* GIVEN INFORMATION *

◇ ◇ ◇ ◇

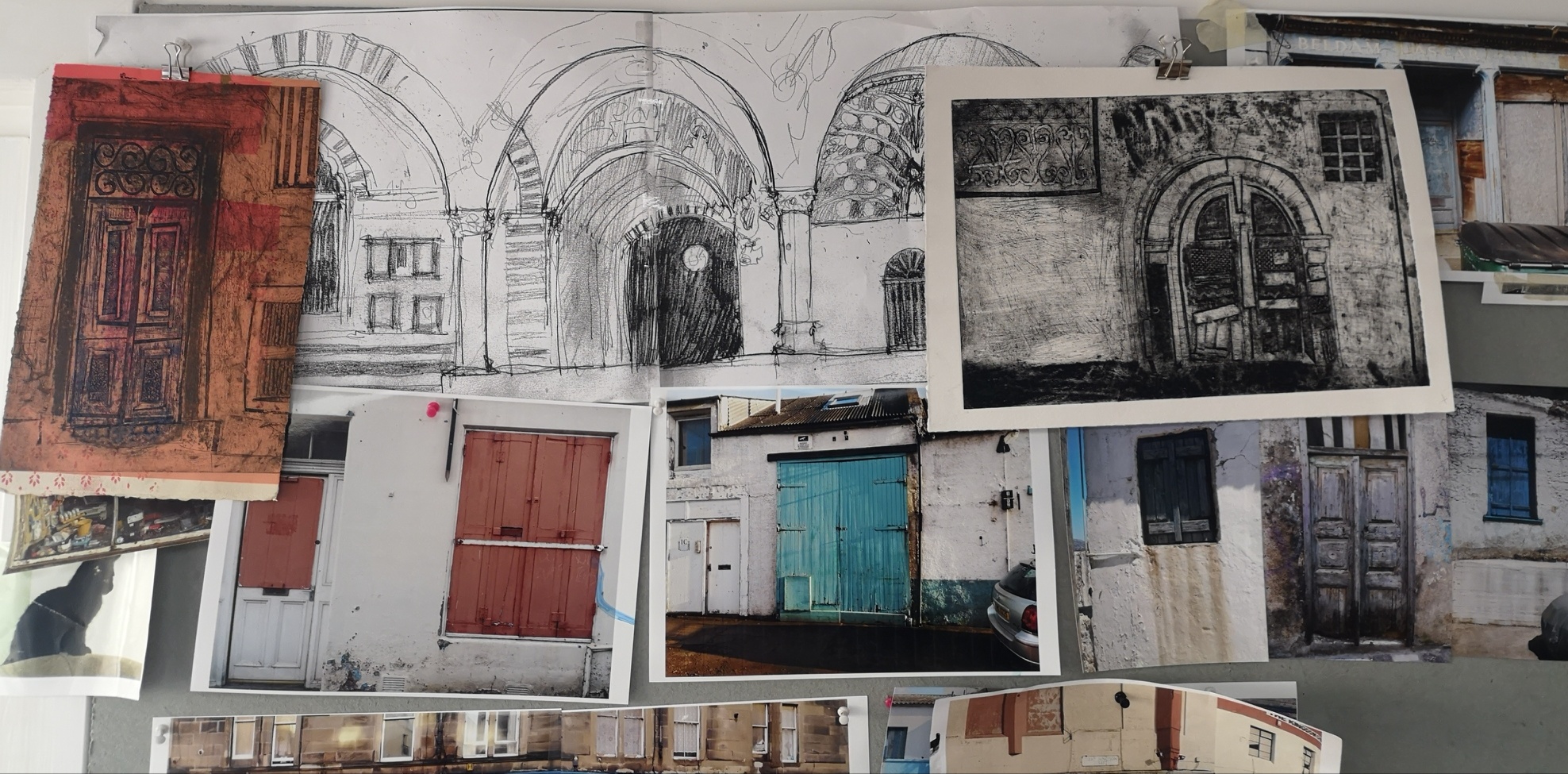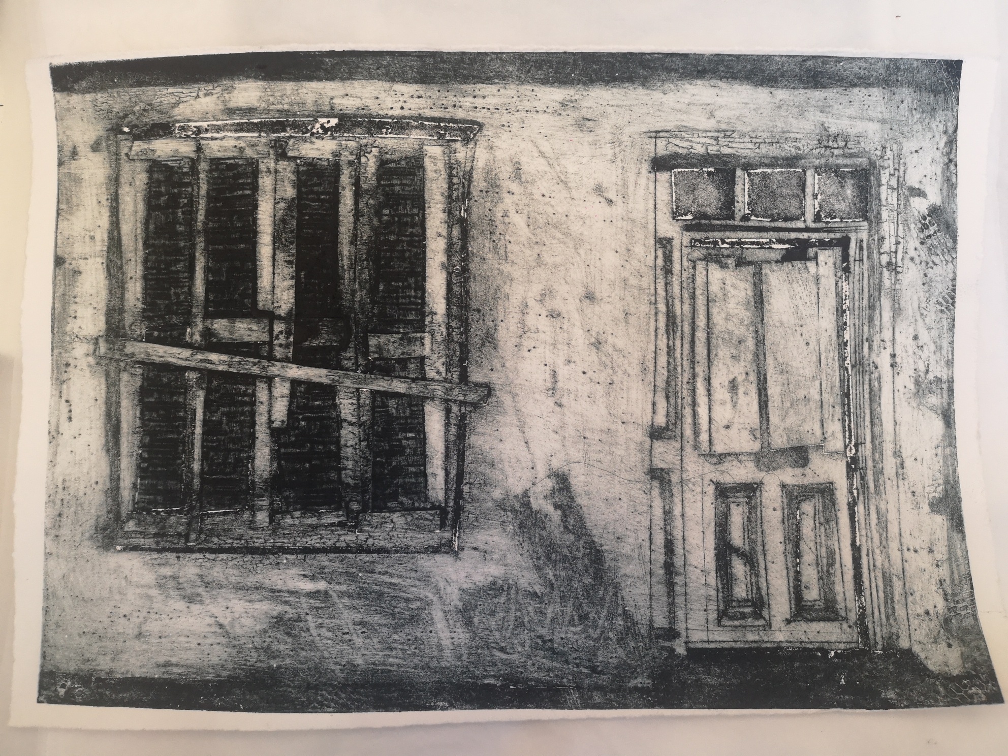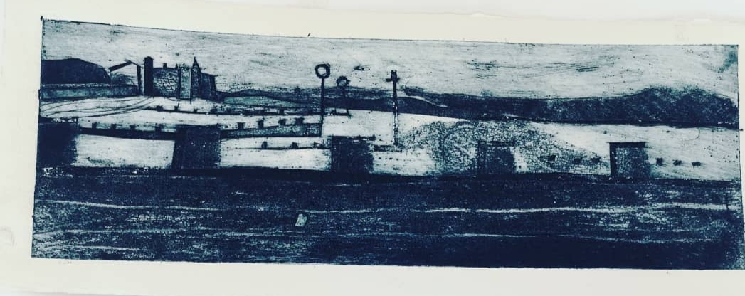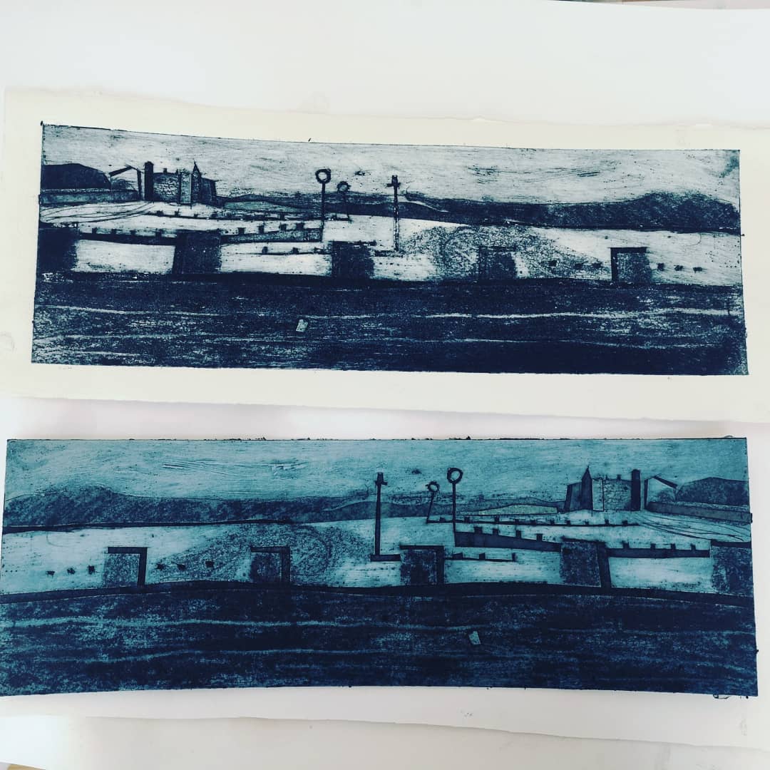 Collagraph involves making a textured ‘plate’ from cardboard and found materials. It is usually printed as an Intaglio print, where the ink is applied and then rubbed back so that it sits in the hollows on the plate. It is then printed using great pressure and damp paper, forcing the paper into the hollows where it picks up the ink. It is quite a painterly and fluid form of printmaking, offering surprising and often very atmospheric results.
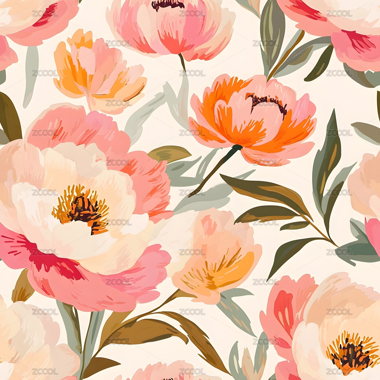 水墨牡丹盛开花卉中国风复古布料底纹图案
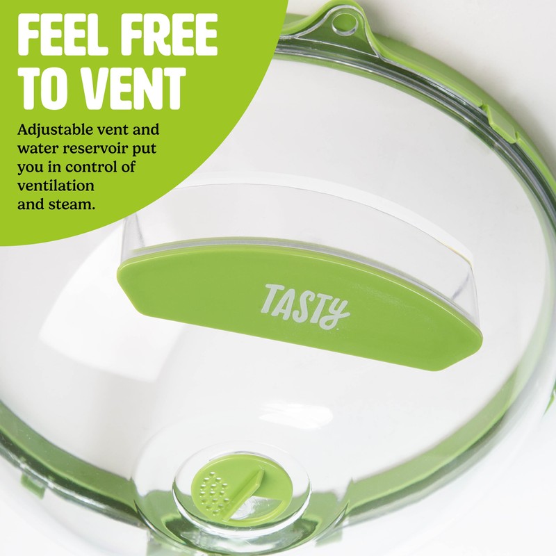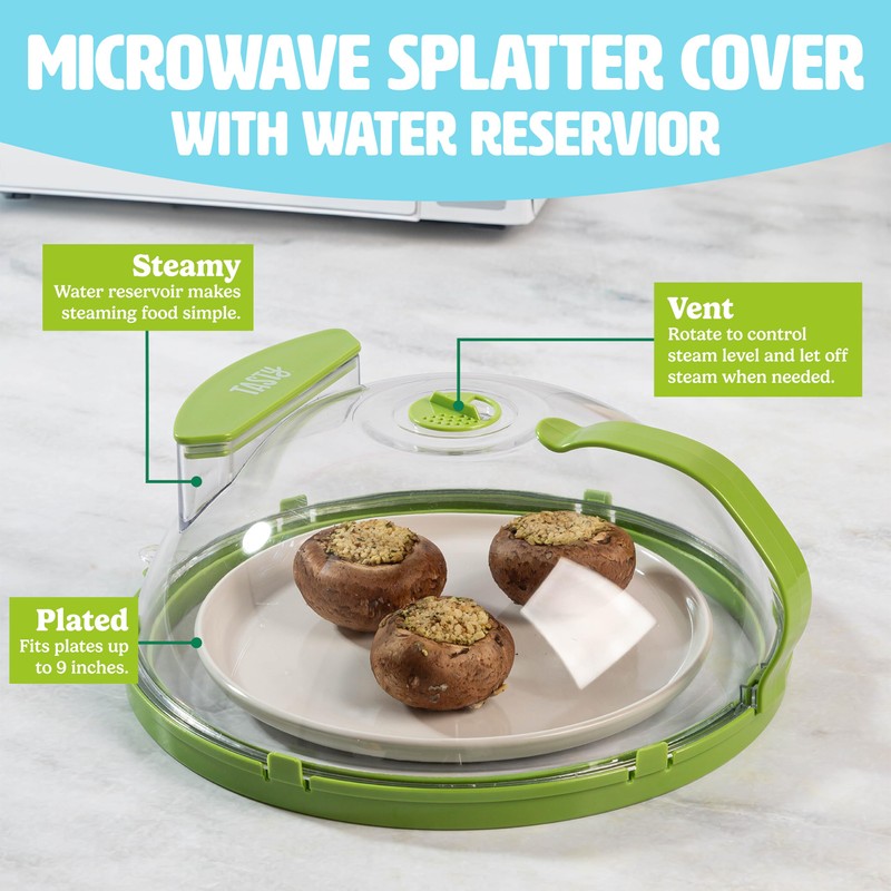 Tasty Microwave Splatter Cover with Built in Water Steamer & Reservoir, 1-Piece, Green

◇ ◇ ◇ ◇

* ACTIVITY *
Would you return all the data exactly as given, minus the pictures?

* THE COMPLETED TASK *
 Collagraph involves making a textured ‘plate’ from cardboard and found materials. It is usually printed as an Intaglio print, where the ink is applied and then rubbed back so that it sits in the hollows on the plate. It is then printed using great pressure and damp paper, forcing the paper into the hollows where it picks up the ink. It is quite a painterly and fluid form of printmaking, offering surprising and often very atmospheric results.
 水墨牡丹盛开花卉中国风复古布料底纹图案
 Tasty Microwave Splatter Cover with Built in Water Steamer & Reservoir, 1-Piece, Green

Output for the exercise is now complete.